Apache Tika Integration (Planned)
Graviton does not currently ship a Tika module in this repository. This page is a design note for a future integration that enriches ingest with MIME detection, structured metadata, and (optionally) extracted text for indexing.
What it provides
- Detector + parser orchestration: Wraps Tika's detector and parser registries so uploads can be typed before they hit a backend.
- Metadata →
BinaryAttributesbridge: Maps Tika'sMetadatabag into strongly typedBinaryAttributes, separating advertised vs. confirmed keys. - Text extraction stream: Emits UTF-8 text content into a side channel so search indexes can trail ingestion.

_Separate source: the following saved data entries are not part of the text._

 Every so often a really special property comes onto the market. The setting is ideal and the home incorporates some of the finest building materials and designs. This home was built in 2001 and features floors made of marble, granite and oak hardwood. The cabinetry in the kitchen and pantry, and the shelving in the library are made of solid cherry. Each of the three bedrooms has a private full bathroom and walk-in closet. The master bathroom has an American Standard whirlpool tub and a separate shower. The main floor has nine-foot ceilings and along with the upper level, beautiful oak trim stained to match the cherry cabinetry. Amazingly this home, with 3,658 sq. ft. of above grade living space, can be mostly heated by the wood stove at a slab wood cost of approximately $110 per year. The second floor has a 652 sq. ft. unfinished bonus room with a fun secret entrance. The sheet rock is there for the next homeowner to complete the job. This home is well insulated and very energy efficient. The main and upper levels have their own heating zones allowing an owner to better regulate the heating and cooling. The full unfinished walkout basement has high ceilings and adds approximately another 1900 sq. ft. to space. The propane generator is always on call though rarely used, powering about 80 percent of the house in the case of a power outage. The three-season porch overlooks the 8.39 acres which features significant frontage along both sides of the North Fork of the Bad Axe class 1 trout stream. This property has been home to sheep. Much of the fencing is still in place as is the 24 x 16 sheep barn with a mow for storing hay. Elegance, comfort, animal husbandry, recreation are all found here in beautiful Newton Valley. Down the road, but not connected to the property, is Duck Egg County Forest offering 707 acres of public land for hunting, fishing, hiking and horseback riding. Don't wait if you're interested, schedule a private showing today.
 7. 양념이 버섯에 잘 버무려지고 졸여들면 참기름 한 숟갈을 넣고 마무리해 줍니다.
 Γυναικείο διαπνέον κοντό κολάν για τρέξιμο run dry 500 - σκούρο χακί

- Policy-aware fallback: Short-circuits to "binary only" mode whenever parsing exceeds configured size or time limits; the ingest flow keeps moving.

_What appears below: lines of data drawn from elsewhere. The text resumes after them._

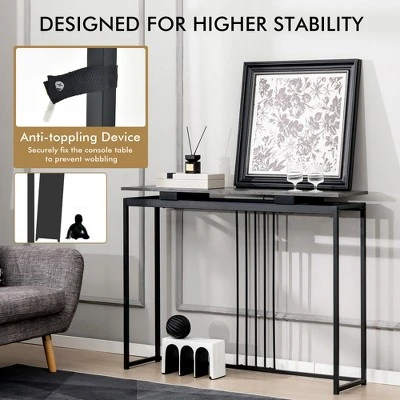 - High Reliable Structure: The MDF tabletop makes it durable enough to serve for a long time. Also, supported by powder-coated steel frame, the narrow entryway table is not easy to shake or deform, which can bear up to 44 lbs. Additionally, the sofa table can be fixed with anti-toppling device in case of any wobbling or collapsing due to collision.
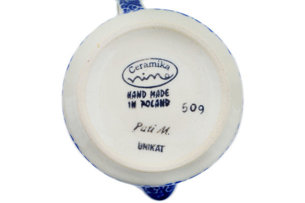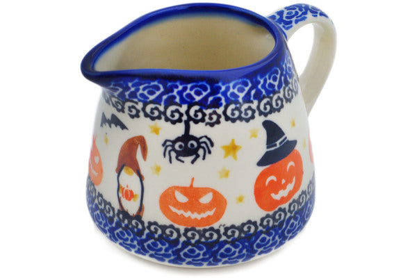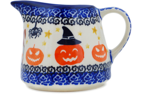 This Polish Pottery Pitcher is handmade and handpainted by the Ceramika Nina factory in Boleslawiec, Poland. Manufacturer item number H2830P. It is 3¼" high and measures 4½" by 3½". The capacity of this Pitcher is 8.99 oz (brimful) and it weighs 0.5 lbs. It is part of the Harvest Haunt Collection.
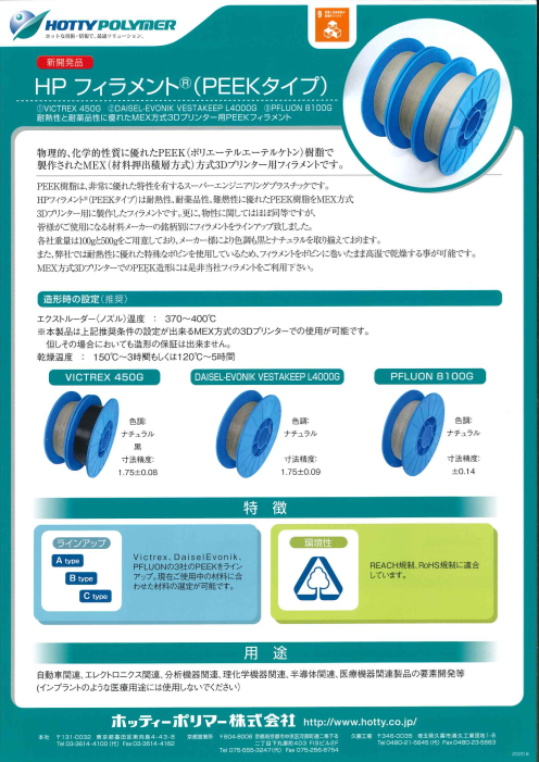 『HPフィラメント(PEEKタイプ)』は、物理的、化学的性質に優れたPEEK樹脂で製作されたFDM(熱溶解積層方式)方式3Dプリンター用フィラメントです。 更に物性に関してはほぼ同等ですが、皆様がご使用になる材料メーカーの銘柄別にフィラメントをライ...
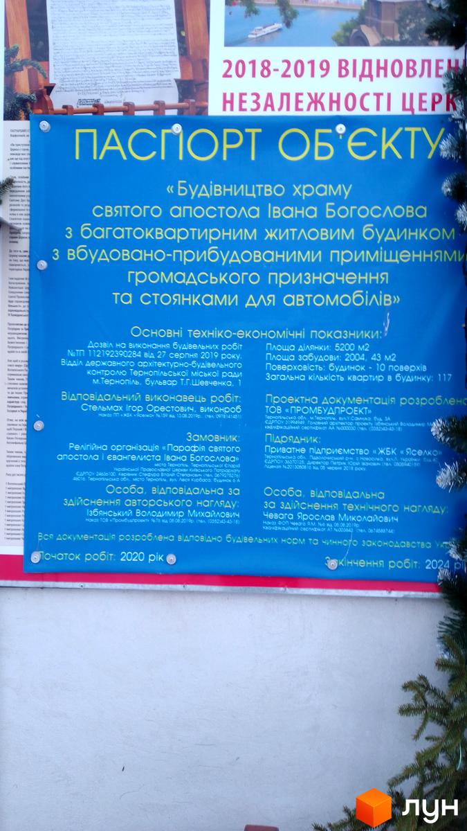 - Cертифікат ТП122250212827 від 18.02.2025 року (Будівництво храму святого апостола Івана Богослова з багатоквартирним житловим будинком з вбудовано - прибудованими приміщеннями громадського призначення та стоянками для автомобілів)

| Component | Description |
|---|---|
TikaConfig | Pool sizing, parser timeout, excluded media types, and max extracted bytes. |
TikaLayers.live | Bundles detector, parser pool, metrics, and logging wiring into a single ZLayer. |
TikaAttributeMapper | Normalizes metadata keys (content language, author, producer, etc.) into BinaryAttributeKeys. |
TikaTextChannel | Optional sink that receives extracted text chunks for indexing or auditing. |
Supported formats (out of the box)
| Category | Examples |
|---|---|
| Office | DOC/DOCX, PPT/PPTX, XLS/XLSX, ODF |
| PDF & PS | PDF 1.x/2.0, PostScript, XPS |
| Media | JPEG/PNG/GIF, TIFF with embedded metadata, MP3/MP4 container tags |
| Archives | ZIP/JAR, 7z, TAR.GZ (metadata only) |
| Text & markup | HTML/XHTML, Markdown, JSON, XML |
Tika automatically negotiates the correct parser when it can read the full media type. Use the configuration knobs below to restrict or extend this list.
Configuration
Declare the module-specific settings in your application config (HOCON shown):
graviton.tika {
parser-pool-size = 4
max-bytes-per-doc = 8MiB
max-bytes-per-field = 512KiB
timeout = 15s
allow-media-types = ["application/pdf", "application/vnd.openxmlformats-officedocument.spreadsheetml.sheet"]

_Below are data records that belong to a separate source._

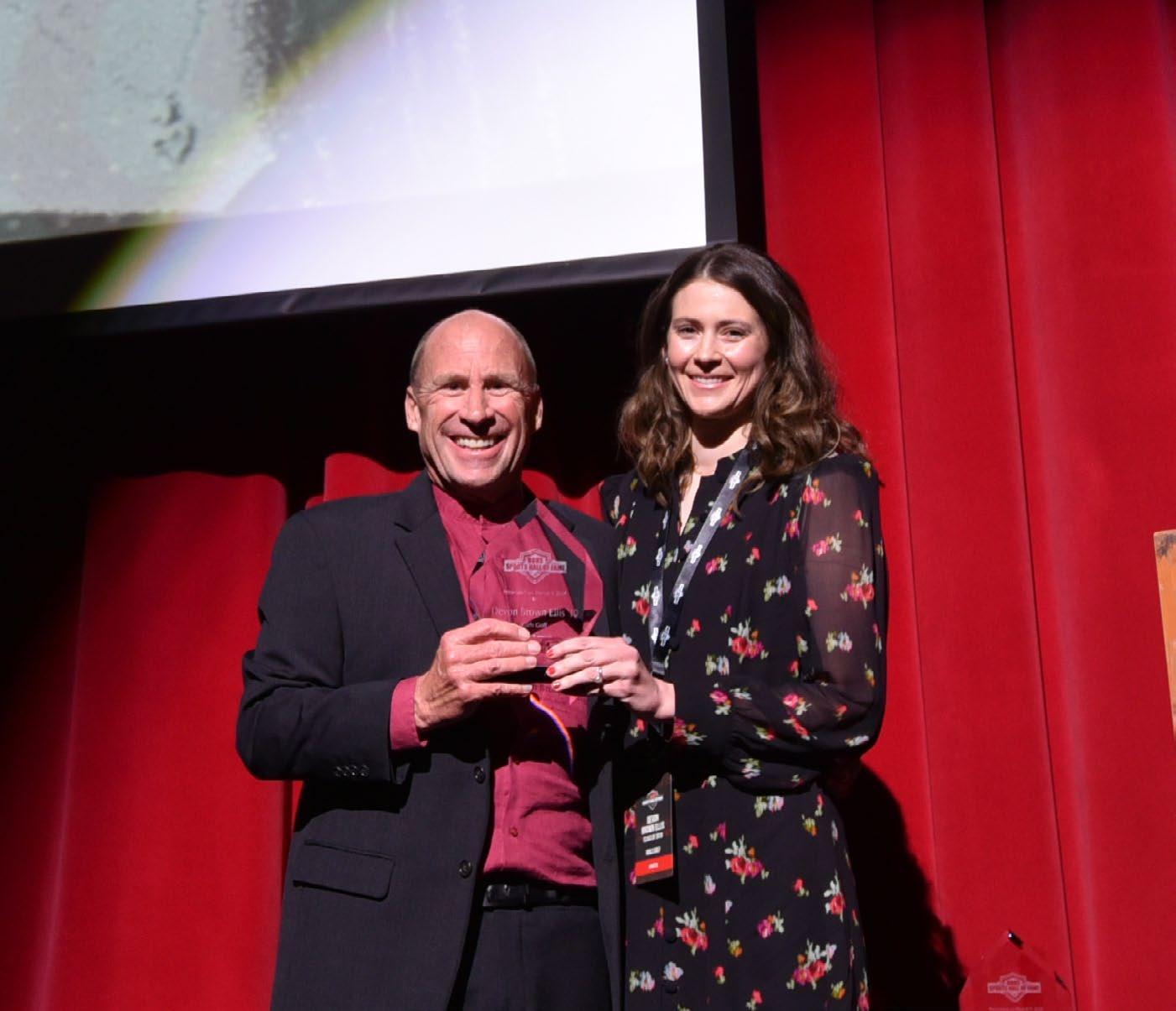 The master of ceremonies, John Montali ‘88, invited each inductee to the stage to accept their award. As the honoree approached the stage, a biography of their life and achievements played along with a montage of photographs from their Uni/Cathedral Catholic days and athletic careers. Each inductee received their award from their former high school coach or from the director of alumni, Sean Doyle ‘80 and assistant director, Anne Pickard Majer ‘95. Former coaches present were softball coach Margaret Mauro, girls golf coach Chris Grazier, baseball coach Gary Remiker ‘90 and of course, football coach Sean Doyle ‘80.
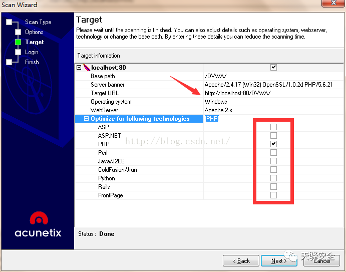 AWVS会自动监测当前往网站的banner和system这对于后面的进一步监测非常重要,在下方选择甲脚本语言。![]()
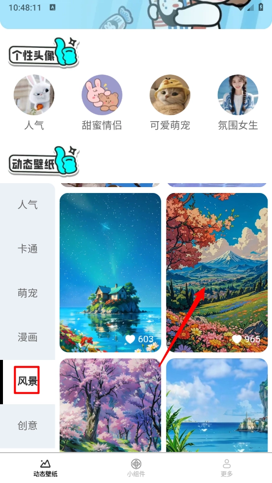 2、如图,这里以"风景"板块为例,选择并点击壁纸进入。

deny-media-types = ["application/octet-stream"]
emit-text-channel = true
}Key considerations:
- Pool sizing: Keep the parser pool small but non-zero; every worker holds native resources.
- Safety rails:
max-bytes-per-docprevents pathological files from exhausting heap space. Timeouts protect the upload path from deep recursion bugs in third-party parsers. - Allow/deny filters: Reduce CPU burn by short-circuiting file types that already carry structured metadata (e.g.,
.parquet) or that do not benefit from text extraction.
Wiring example
Until the module exists, think of it as an optional “enricher” that runs during ingest:
// pseudo-code (API will change once the module lands)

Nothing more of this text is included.